Tanpa menunggu lama, Luna menjulurkan tangan Kayra untuk bersalaman dengan Vero.
“Oke udah kenal, berarti nanti malem gue jemput lo. Jangan lupa dandan yang cantik.” Setelah mengatakan itu, Alvero beranjak pergi.
*
Pencarian akan dilanjutkan kembali. Naya dan Naufal kembali mengunjungi rumah keluarganya Raka, namun mereka ingin bertanya ke tetangga terdekat mengenai keluarga dan rumah keluarga Raka.
“Maaf permisi, Bu. Saya mau tanya, rumah di seberang sana sepi, kalau boleh tau orangnya kemana ya?” tanya Naufal.
“Oh rumahnya Ibu Cika. Mereka sudah pindah Mas, sejak kabar anaknya kecelakaan pesawat itu, lima hari setelahnya mereka pindah,” terang Ibu itu.
“Ibu tau mereka pindah dimana?” tanya Naya.
“Kalau itu saya kurang tau, coba Mas sama Mbak tanya ke pak RT saja,” usul Ibu itu.
“Baik, kalau gitu makasih ya Bu.”
Setelah meminta alamat rumah pak RT dari Ibu itu, kemudian mereka melajukan mobil mereka ke rumah pak RT yang tak jauh dari sana.
**
Setelah berbincang kurang lebih 15 menit dengan Pak RT, mereka berdua beranjak pergi menuju alamat yang sudah Pak RT berikan.
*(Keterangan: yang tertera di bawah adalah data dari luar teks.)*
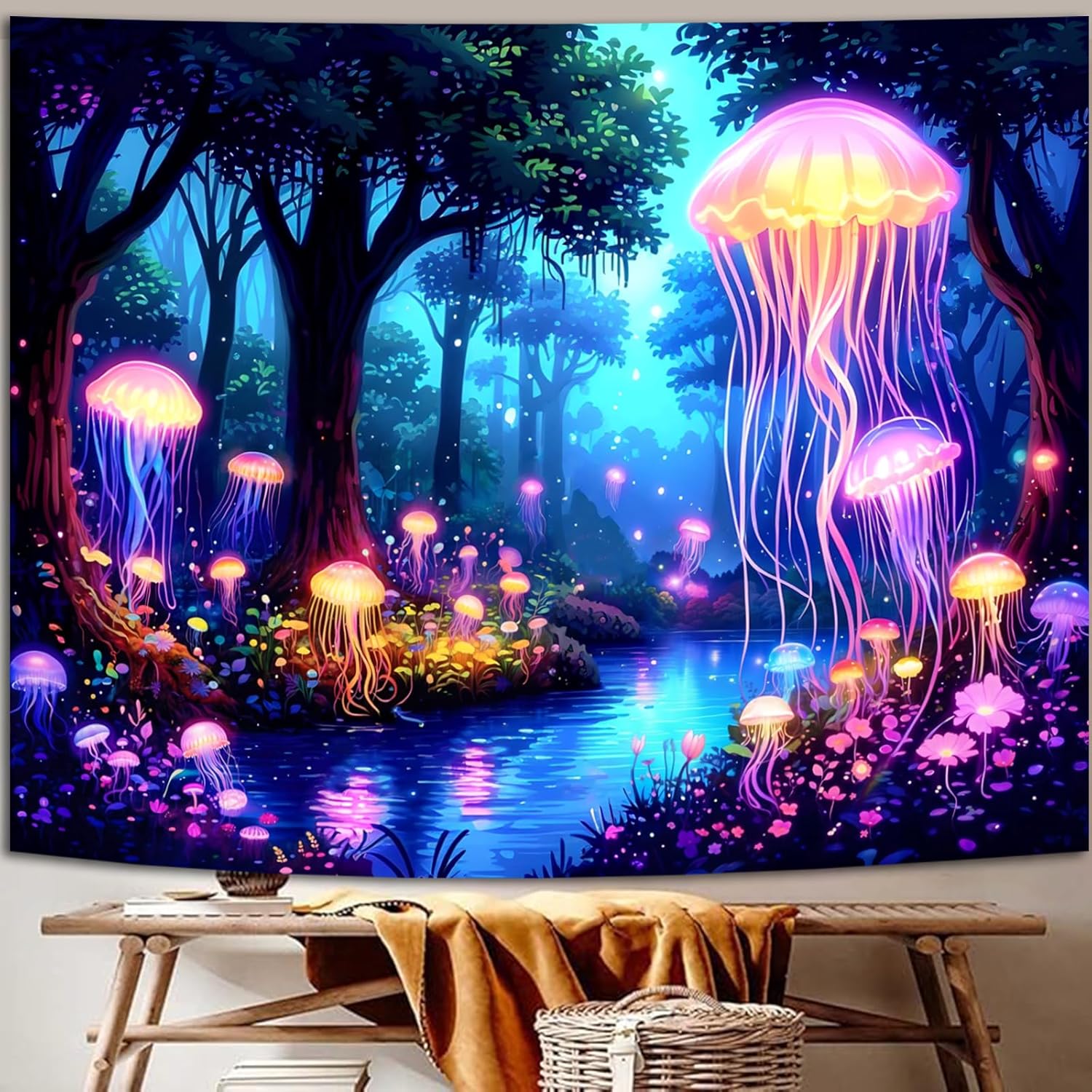 - UV Reactive Fantasy Design: This blacklight tapestry features luminous jellyfish floating through an enchanted forest scene. The vibrant colors glow brilliantly under UV light, creating a dreamlike underwater-meets-wilderness effect.

Perjalanan menuju rumah keluarga Raka itu menempuh jarak yang cukup lama kurang lebih lima jam perjalanan. Naufal sibuk menyetir sesekali melihat jipies. Alamat yang diberikan oleh pak RT itu baru pertama kali Naufal tahu. Sedangkan Naya sibuk di alam mimpinya.
Mobil mereka berhenti di pom bensin. Naufal melihat Naya tidur begitu nyenyak, Naufal mendekatkan dirinya ingin melihat lebih jelas wajah perempuan yang kini berstatus menjadi istrinya.
“Cantik.”
Tak lama dari itu Naya terbangun, ada mata yang saling bertemu dengan jarak yang begitu dekat. Ada jantung yang begitu terasa sesak karena debaran yang tak karuan.
Deg .. deg .. deg!
Tersadar dengan posisi mereka yang begitu dekat, Naufal langsung duduk ke posisi semula.
“Kita dimana sih?” tanya Naya melihat sekelilingnya.
“Pom bensin, lo mau ke toilet nggak atau beli apa kek?” tanya Naufal.
“Kayanya gue mau beli cemilan aja deh, buat di jalan. Masih lama nggak sih nih kita?”
“Kurang lebih satu jam setengah lagi,” jawab Naufal melihat jipies.
“Oke deh.”
Keduanya keluar dari mobil, menuju minimarket kecil yang ada di pom bensin.